Climate change is a complex issue that requires a multi-disciplinary and cross-sectoral response. The UK retailing industry needs to come up with a coordinated response to the climate change. Sainsbury is responsible for taking the led on this issue as it is the current market leader of this industry. Sir Nicholas Stern has called climate change the greatest and most comprehensive market failure ever seen. Reducing carbon dioxide emissions has become the hot topic of public policy in Britain. The Stern analysis concluded that current levels of carbon emissions are increasingly unsustainable in the UK and around the globe. Stern estimates that 1% of UK gross domestic product must be spent on tackling climate change, leading to a 25% cut in greenhouse gas emissions by 2050. If measures are not taken before then and temperatures increase by 5ºC, Stern warns, rising sea levels could put London underwater.

  The UK will implement a climate change bill, proposing a 60% cut in greenhouse gas emissions by 2050 which was highlighted by the Queen’s Speech during the state opening of parliament in November 2007. When global greenhouse gas emissions have not fallen by the end of 2015, then our chances of reducing climate change to the two-degree “safety line” are dwindling every day. The scientific data demands: the peaking of emissions within eight years, worldwide cuts of 60 per cent by 2030, and 80 per cent or more by 2050. Above two degrees, the possibility of crossing “tipping points” in the earth’s system will result in the collapse of the Amazon rainforest and the release of methane from the Siberian permafrost is higher.

The technology of Green Fuel Technologies should be employed to 1) reduce pollution, including thermal and 2) provide a fuel source that would make a big dent in reliance on imported oil.

Implementation of Sainsbury's Climate Change Strategies

The prospects for carbon recycling are huge primarily through new generation clean WTE, biomass cultivation (which covers the plantation of many trees and grasses depending on local soil and weather conditions) or by directly coursing flue gases through algae cultures to generate fast growing algae by the ton (with oil, ethanol and protein for animal feed squeezed out). The result is that the carbon efficiency of the economy will continue to increase.


If regulators and conservation activists convince people that they need the environmentally friendly economy, it will be a big feast for everybody from bio-tech companies to car industry for years to come. The demand for products as diverse as high efficiency ball-bearings, ‘smart meters’, low energy computer monitors, financial services and household goods is driven by climate change.

   Background and Customer Base

Sainsbury Chief Executive Justin King stated that the market growth of Sainsbury has enabled the company to overtake Asda. The strong performance of this retailer can result in the fulltime staff getting a bonus of around 500 pounds sterling each as a reward and King could double his salary with a 700,000 pounds sterling bonus.

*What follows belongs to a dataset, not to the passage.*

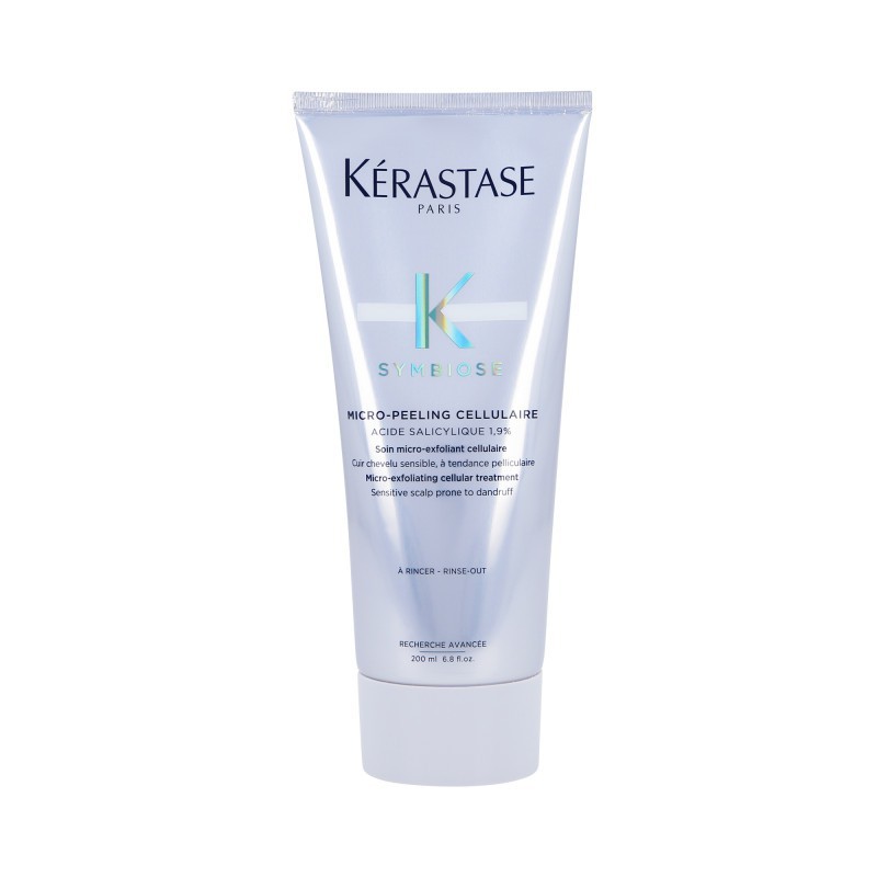 KERASTASE SYMBIOSE is an innovative product designed specifically for scalp care. This gentle peeling micro-exfoliates the scalp, removing dead skin cells, excess sebum and all impurities. Thanks to its unique formula and carefully selected ingredients, SYMBIOSE helps maintain a healthy balance of the scalp, bringing relief to irritated skin and contributing to improving the overall condition of the hair. This product contains Pirokton olamine , a substance with antifungal properties that helps fight yeast and bacteria that contribute to scalp problems. Bifidus , known for its probiotic properties , supports the skin's natural flora, bringing relief to irritated skin and helping to maintain its balance. Salicylic acid at a concentration of 1.9% has a soothing and antibacterial effect, helping to cleanse the scalp and soothe any irritations.

Sainsbury still faces a cut-throat competition which means price deflation has risen so the company has to achieve higher volumes to stand still. The retail climate is much tougher than expected so it could still struggle to achieve its target of total sales growth of 2.5 billion pounds sterling. Profit margins remain weak. Earnings are forecast to rise from [pounds sterling] 240m to [pounds sterling] 260m in the year just ended, rising to [pounds sterling] 340m after that.

 Customer Base and Product/Service

Sainsbury’s was founded John James and Mary Ann Sainsbury in 1869. At 173 Drury Lane, London, they opened their very first small dairy store. Drury Lane was one of London’s poorest areas and the Sainsburys’ shop quickly became popular for offering high-quality products at low prices. By 1882, Sainsbury had four shops and planned to expand his business. To supply this rising chain, he opened a depot in Kentish Town, northwest London, and built bacon kilns on the same site which produced the first Sainsbury brand product. It was also in the affluent suburb of Croydon where John James opened his first branch in 1882. This shop sold a wide range of ‘ high-class ‘ items, and was decorated more elaborately than the previous shops. (Available at http://www.j-sainsbury.co.uk/?)

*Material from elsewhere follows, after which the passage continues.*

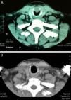 We describe the case of a 50-year-old man who attended due to a three-month history of progressive dyspnoea on moderate and heavy exertion, with mild inspiratory stridor. A history of previous intubation due to two collarbone surgeries two years previously was noted. Nasofibrolaryngoscopy showed a right anterior subglottic lesion; its extension was determined by computed axial tomography (CT) (Fig. 1A). Rigid bronchoscopy and laser resection (Neodymium-YAG) was scheduled; during surgery, biopsies were taken and partial vaporisation of the lesion was performed. The histopathological result was consistent with a pleomorphic adenoma, so subglottic resection was carried out using an open approach in a second surgical procedure: the trachea was exposed with an incision over the second ring, similar to a tracheotomy; cricothyroid membrane incision; vertical connection of the left side of both incisions (cricoid arch and tracheal ring section), lifting a flap to visualise the lesion directly (15cm in diameter, situated along the inside of the cricoid arch up to the height of the upper border of the first tracheal ring). Tumour excision was completed with partial cricotracheal resection (cricoid arch and anterior portion of the first tracheal ring). The defect was closed by primary reconstruction with sternothyroid muscle plasty over a Montgomery silicone T-tube (8mm) and layered wound closure. After five days, the patient was discharged with mild-moderate cervical subcutaneous emphysema, which persisted for five weeks, odynophagia, requiring a soft diet for one month, and dysphonia due to the placement of the upper rim of the stent on the vocal cords. The definitive histopathological study was a benign salivary gland tumour, consistent with basal cell adenoma (monomorphic adenoma), with clear margins. The T-stent was removed after four months. Vocal granulomas were detected, which disappeared in two weeks after treatment with oral prednisone (30mg in tapered dosage), and the voice returned to normal. The case has been monitored by nasofibrolaryngoscopy and radiological follow-up (Fig. 1B) for the last 1.5 years, with no evidence of recurrence to date.

The main goal of Sainsbury’s is to deliver a high quality shopping experience for their customers with great product at fair prices. We strive to surpass customer expectations of good, nutritious, fresh and delicious food making their daily lives easier.

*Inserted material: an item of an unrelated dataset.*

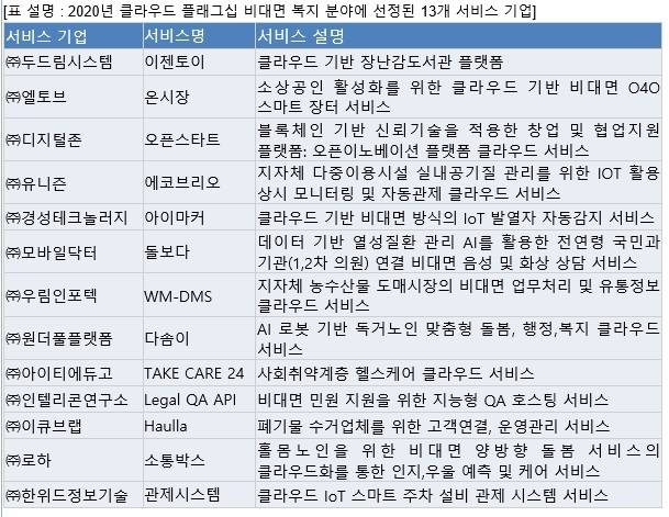 네이버클라우드는 과학기술정보통신부와 한국지능정보사회진흥원(이하 NIA)이 추진한 '2020년 클라우드 플래그십 비대면 복지 분야'에 선정된 13개 서비스 기업을 대상으로, 비대면 복지 분야 SaaS 서비스 개발 및 사업화를 완료했다고 20일 밝혔다.

Sainsbury’s business has a huge and enormous customer base common to UK retailers. It has 11 million different customers which translate to a total of 11 million different needs. The company’s supply chain encompasses 2,000 suppliers, more than 35,000 SKUs, approximately 500 stores, more than 6 million stock points, and around 800 million cases moved annually.

The company’s goals were to reduce the cost of system ownership and enhance its supply chain capability through improvements in efficiency, integration, and control. These improvements were deemed essential for Sainsbury’s fulfillment factories. The company also needed to ensure that it was going through an upgrade and development path with its initiative.

Sainsbury Responds to Global Warming

Sainsbury can respond effectively to climate change in two ways: implementing practices that promote carbon cuts and implementing sustainability policies in overall operations in supermarkets. Those two ways will lead to 5 opportunities to reduce global warming.

Opportunities of Global Warming

  1. Sainsbury can help reduce plastic bags by preparing recyclable carrier bags for the shoppers. It can sell natural, handmade shopping bags. It can remove and do away with all the plastic bags.
  2. Sainsbury can start promoting heavily more Fairtrade products in 2009. The promotion of these types of products will result in the development of fuel efficient small businesses all over the world.
  3. The consumer market is changing. The consumer is changing because sustainability has a crucial factor for business survival. Sainsbury can hold seminars on climate change for regular shoppers and it can then offer specific grocery prizes to increase and encourage customer attendance to these seminars.
  4. Sainsbury can offer prizes for consumers who bring cars with less carbon dioxide emissions. The company can set up an indicator for carbon dioxide emissions outside the supermarket and around the parking lot areas.
  5. A lot of good retailers also act as life editors by helping consumers choose products and services that are environmentally-friendly.

Five Actions Sainsbury Will Adopt to Reduce Global Warming

Press Release

Sainsbury will implement five actions that will help foster an environmentally-friendly society. First, Sainsbury can prepare recyclable carrier bags for the shoppers. The store staff can remove all the plastic bags and discard them. Second, Sainsbury can foster supermarket-based consumer contests on climate change practices. These practices are numerous. One, better home insulation makes living conditions more comfortable and reduces fuel bills. Two, getting more children to walk and cycle to school improves their physical health and helps to tackle obesity. Three, enforcing speed limits and reducing them further would save hundreds of lives a year, and give respite from the incessant noise pollution of speeding traffic. Fourth, protecting and encouraging small shops and local businesses, favoring farmers’ markets over supermarkets help build stronger and more cohesive communities by reducing the need for travel to far places.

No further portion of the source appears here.